→ **Exercise aim**: Quote the listing in full, exactly as given, minus any pictures.
BEGIN Available data
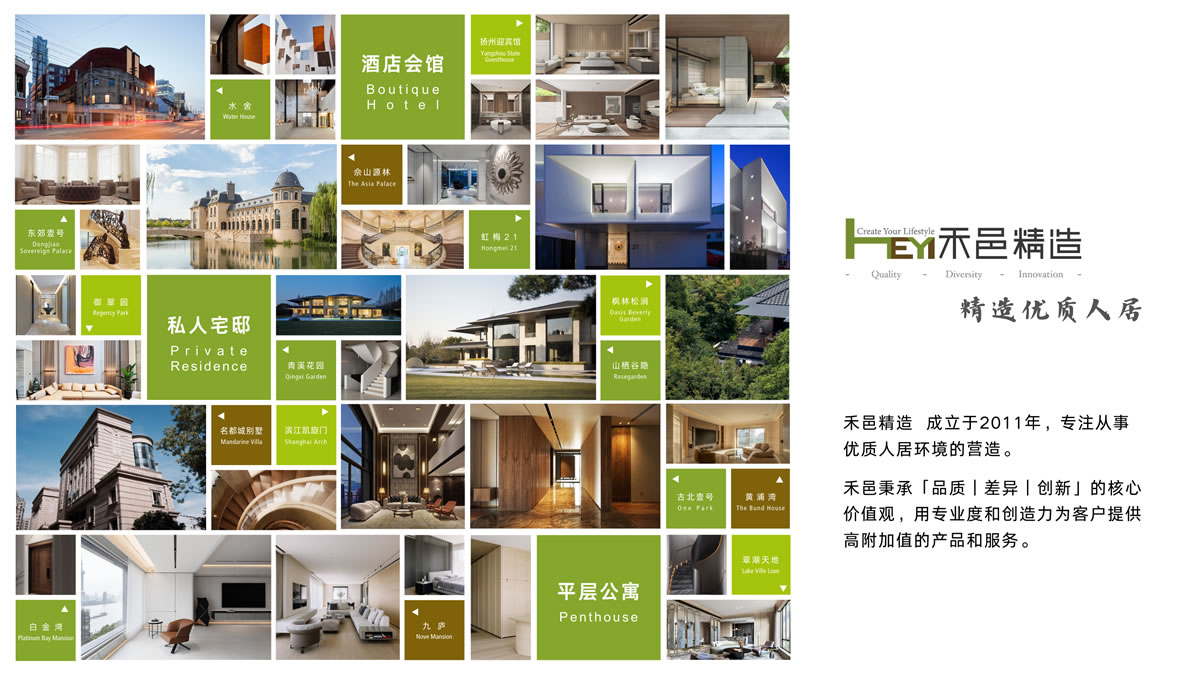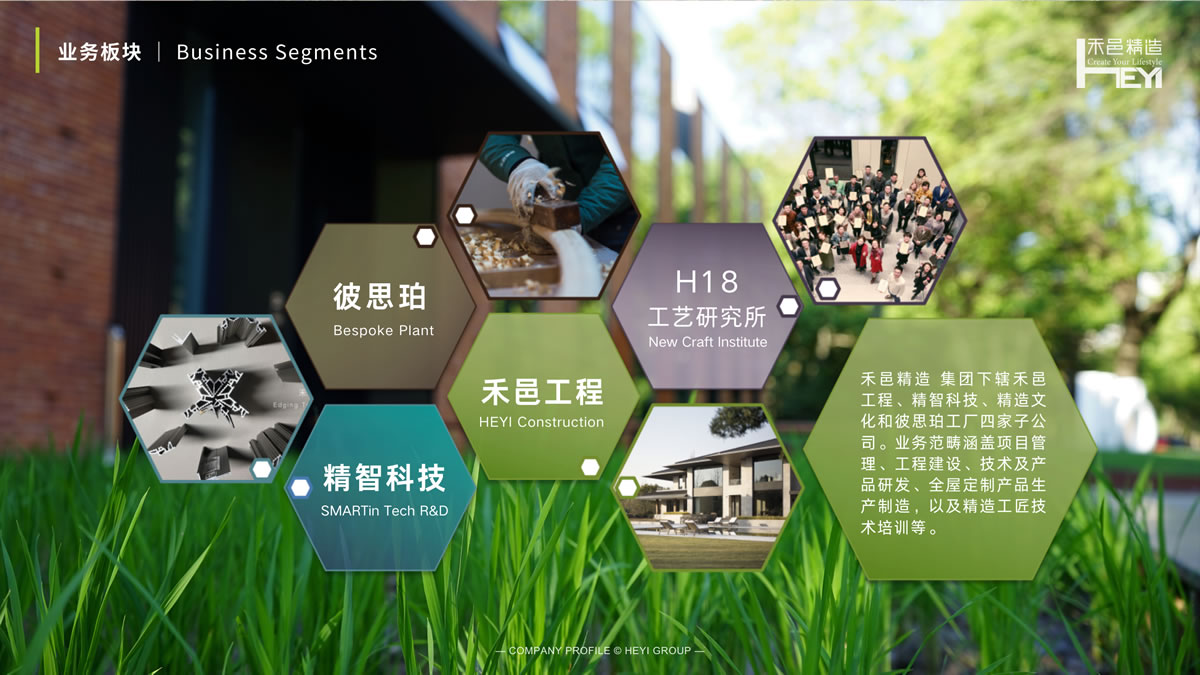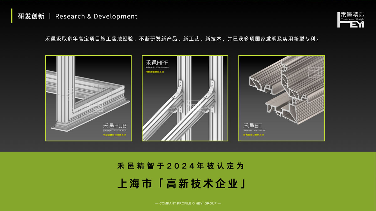 禾邑精造 成立于2011年,专注从事优质人居环境的营造。 禾邑秉承「品质|差异|创新」的核心价值观,用专业度和创造力为客户提供高附加值的产品和服务。 品牌愿景 | Branding Vision 精工智造 禾邑为家 禾为稻,处四季之中得天地之气; 邑为城,立闹市之间容桃源之境。 禾邑,专注于优质人居; 精造,传递出执着态度。 品牌愿景 | Branding Vision 精工智造 禾邑为家 禾为稻,处四季之中得天地之气; 邑为城,立闹市之间容桃源之境。 禾邑,专注于优质人居; 精造,传递出执着态度。 研发创新 | Research & Development 禾邑汲取多年高定项目施工落地经验,不断研发新产品、新工艺、新技术,并已获多项国家发明及实用新型专利。 禾邑精智于2024年被认定为 上海市「高新技术企业」
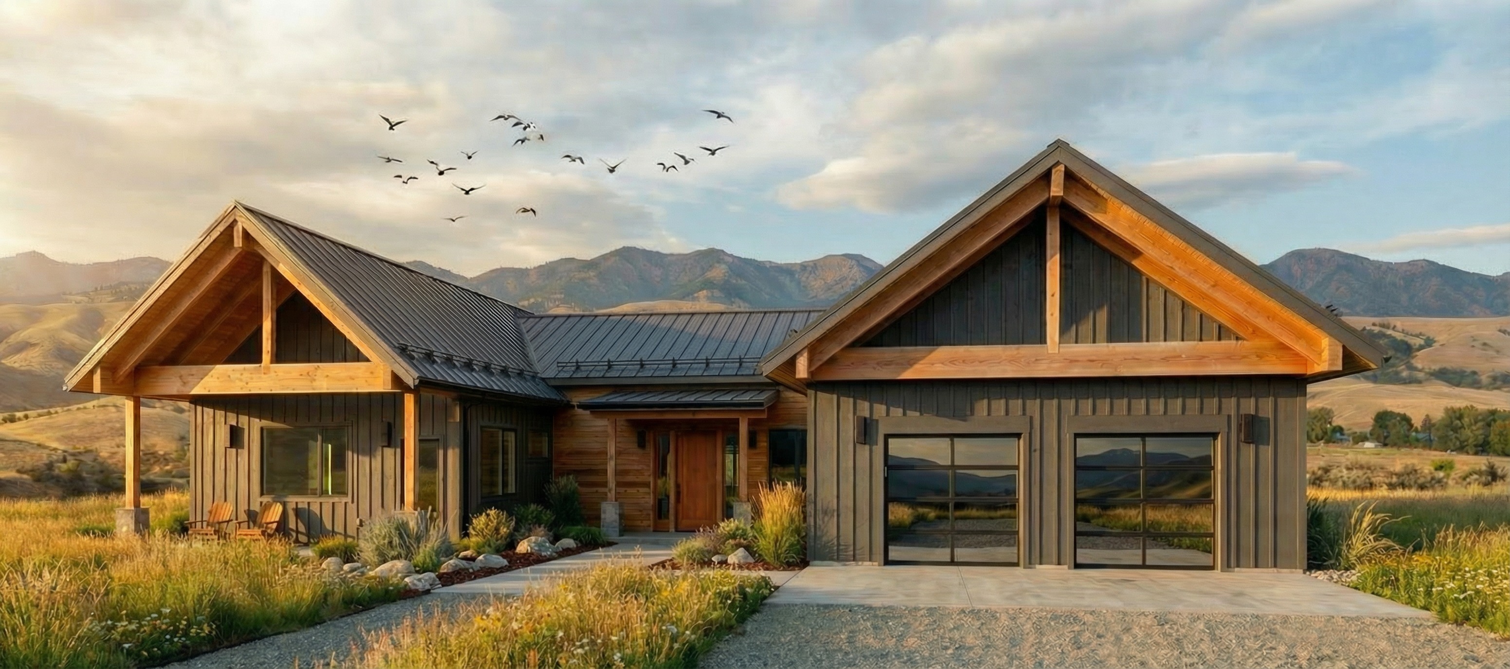 everyhting in the image stays the same except the wood posts only are dark metal i beams and the garage doors are dark metal
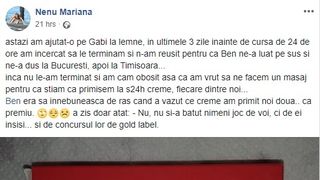 Scandalul legat de cursa s24h desfasurata la Timisoara si la care Mariana Nenu, fosta concurenta in echipa Razboinicilor in sezonul 1 al Exatlon Romania, a reusit sa obtina medalie de aur, continua.
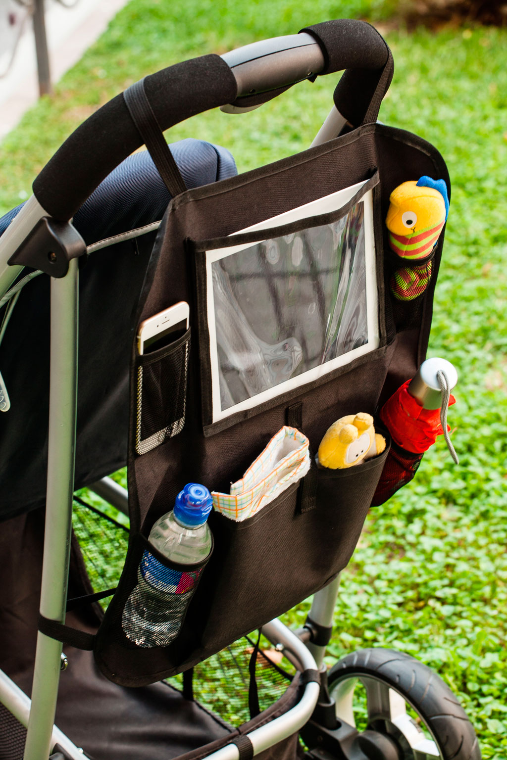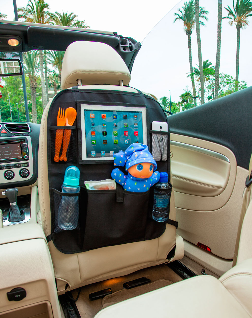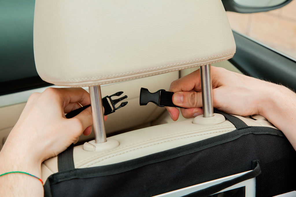 Backseat car organizer to have all the things you need on hand while traveling with your baby by car. It is also 2 in 1 since you can take it both in your car and in your stroller. Universal system fits most seat backs. Easy to install with adjustable straps and buckles.
END Available data
→ **Output**:
 禾邑精造 成立于2011年,专注从事优质人居环境的营造。 禾邑秉承「品质|差异|创新」的核心价值观,用专业度和创造力为客户提供高附加值的产品和服务。 品牌愿景 | Branding Vision 精工智造 禾邑为家 禾为稻,处四季之中得天地之气; 邑为城,立闹市之间容桃源之境。 禾邑,专注于优质人居; 精造,传递出执着态度。 品牌愿景 | Branding Vision 精工智造 禾邑为家 禾为稻,处四季之中得天地之气; 邑为城,立闹市之间容桃源之境。 禾邑,专注于优质人居; 精造,传递出执着态度。 研发创新 | Research & Development 禾邑汲取多年高定项目施工落地经验,不断研发新产品、新工艺、新技术,并已获多项国家发明及实用新型专利。 禾邑精智于2024年被认定为 上海市「高新技术企业」
 everyhting in the image stays the same except the wood posts only are dark metal i beams and the garage doors are dark metal
 Scandalul legat de cursa s24h desfasurata la Timisoara si la care Mariana Nenu, fosta concurenta in echipa Razboinicilor in sezonul 1 al Exatlon Romania, a reusit sa obtina medalie de aur, continua.
 Backseat car organizer to have all the things you need on hand while traveling with your baby by car. It is also 2 in 1 since you can take it both in your car and in your stroller. Universal system fits most seat backs. Easy to install with adjustable straps and buckles.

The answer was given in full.